Newborn Jaundice

When a baby is born, his or her liver is still developing the ability to break down red blood cells. Red blood cells are broken down by the liver to create new substances for the body, such as bile and to create waste to be excreted (yum).

Billirubin is a biproduct of red blood cells and it is the abundance of billirubin in most newborns that can cause a yellow appearance - most commonly noted in the skin and in the whites of the baby's eyes. All newborns have jaundice in some digree!

Most hospitals will test for jaundice before your baby is cleared to go home. In most cases, the level of billirubin in newborns is low enough for the newborn to be able to go home - even with a touch of jaundice.

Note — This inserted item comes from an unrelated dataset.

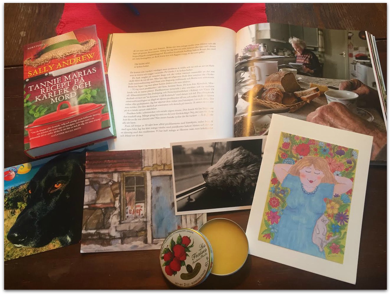 Annat som gjorde och gör hjärtat glatt: underbara målningen från Eva påp Frösön som visar hur jag ligger i gröngräset bland blommor och blader och med sigge intill mig ..., där är ringblomssalva från min förste-förste-äktamans (han som jag gifte mig med i sju års ålder kanske) hustru Elisabeth med h ., där är en bok från trogna vännen Inger i Skellefteå , ett härligt harrykort från Ystad och så kom friherrinnan cyklande (återigen!!) med en egenhändigt gjord tulpanbukett med liten pippi i .., bara så fin!

In most cases, the baby will not show signs of jaundice until the second or fifth day; however, it usually clears on its own by the second week.

It is very rare for jaundice to be serious enough for the baby to go to the hospital, but it does happen!

What to Expect

In the first few weeks of life, your baby will produce bowel movements that are yellow in colour and this is normal. This is your baby's body flushing its system of excess amounts of billirubin.

A jaundice baby will be very sleepy and lathargic, but within reason [see below for warning signs]. At times, you will find it hard to feed the baby as he or she will want to doze off! Tickle their feet, wiggle their hands gently, tickle under their chin -- try different ways to keep your baby alert enough to eat!

With a jaundiced baby, you should nurse/breastfeed or give them bottles often to help their system flush out the billirubin.

If you are breastfeeding, you do NOT need to top off each feeding with formula. The more you breastfeed, the more milk you will produce, the faster Jaundice will be flushed out. Introducing formula will reduce the amount of milk you produce and can cause nipple confusion, further damaging your breastfeeding relationship.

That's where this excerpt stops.